Mosquitoes buzzed by her face, and she calmly pulled out the bug spray and liberally doused the air around her.

Luiz whirled around, his nose twitching. "Don't do that."

"The mosquitoes are biting me everywhere."

"That foul stench hinders my ability to catch scents. I need to know what we're likely to be facing."

Okay. That sounded ominous, and quite frankly, she was tired of being scared. There was only so much scared you could do without a friend to egg you on. She sighed and put the bug spray back, resorting to slapping at the insects with one hand and retaining possession of the pepper spray with the other.

She was so out of here the moment she could get to a phone. Well, after she made certain Manolito was all right. She was beginning to feel sick with worry, and that just made her madder at him. The mark at the curve of her breast throbbed and burned and ached for him. Tears blurred her vision, and she stumbled on a twisting, snakelike root, nearly falling, throwing out both arms to catch herself before she face-planted in the muck-and it saved her life.

The large jaguar missed and hit the ground just inches from her head. Snarling, it whipped around, raking at her face with claws, but Luiz was there first, already half changing, his face broadening, muzzle lengthening to accommodate teeth. The two cats crashed together, raking and clawing. The rain forest erupted into a frenzy of noise.

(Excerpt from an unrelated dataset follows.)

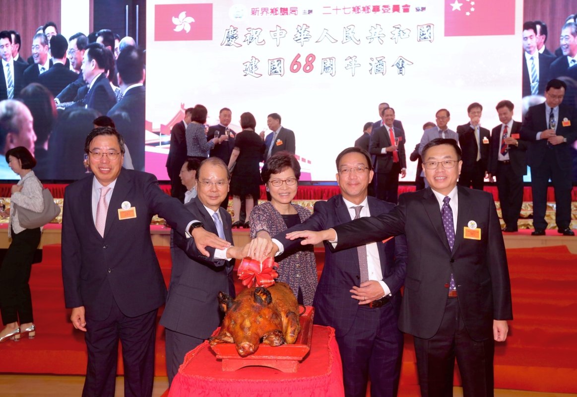 行政長官林鄭月娥昨早率領政府司局官員應邀出席新界鄉議局的慶祝國慶酒會,其他嘉賓還包括中聯辦副主任何靖、外交部駐港副特派員胡建中、立法會主席梁君彥,中聯辦新界工作部部長劉林及全國人大代表、政協委員等政商人士。鄉議局主席劉業強、副主席張學明、林偉強率領27鄉委會正副主席共數百人參加酒會。

Pushed beyond all endurance, MaryAnn jumped up, took two long strides to the marauding cat and let loose with a stream of pepper spray directly into the fully formed jaguar's eyes and nostrils. She gave it several

short bursts, fury shaking her hand, but her aim was perfect.

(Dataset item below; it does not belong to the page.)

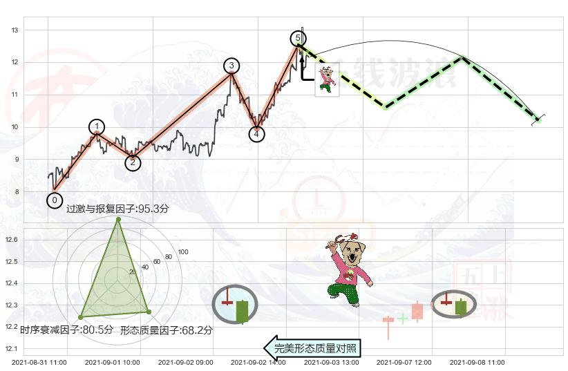 从2021-05-17 12:00至2021-09-09 13:00,共包含484个小时,阶段股价上涨44.10%,阶段股价变动位移路程比: 1 : 6,上涨趋势角度: 20.9
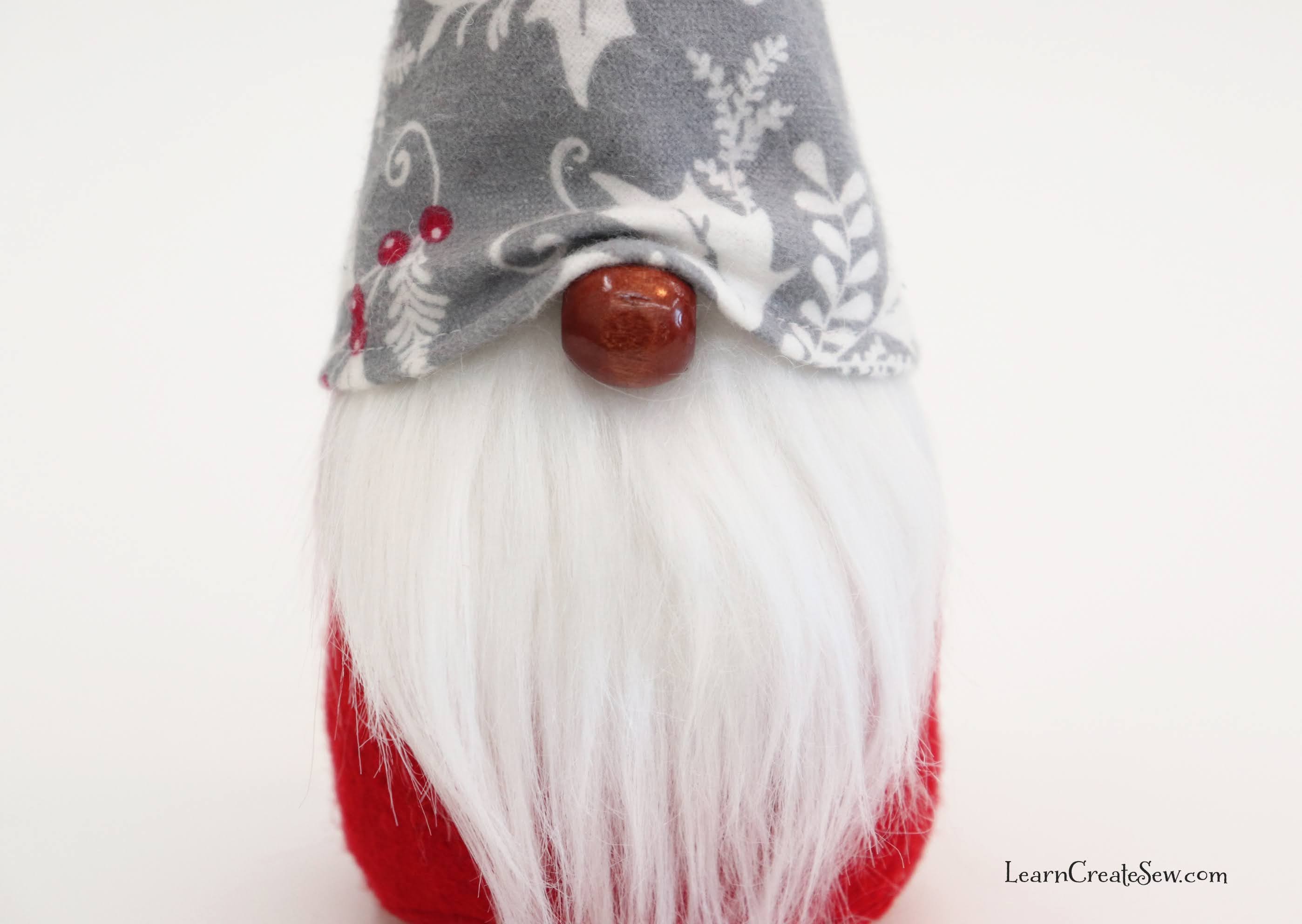 The beard is faux fur and gives the little gnomes a lot of character. I also picked up a mixed set of wooden beads at Walmart that work great as noses!

"Enough already. I've had it-absolutely had it with this jungle crap. I may be an urban woman, damn it, but I can deal with anything this horrible place throws at me. Get out of here now!" she yelled at the top of her lungs, sending another stream right at the jaguar's face for good measure. The command blasted through her brain and out into the air even as she shot several short streams.

The jaguar raced away as if she'd bitten it. Luiz fell onto his butt, jeans half-shredded. "What the hell was that?"

"Pepper spray," she said and sat down beside him, bursting into tears.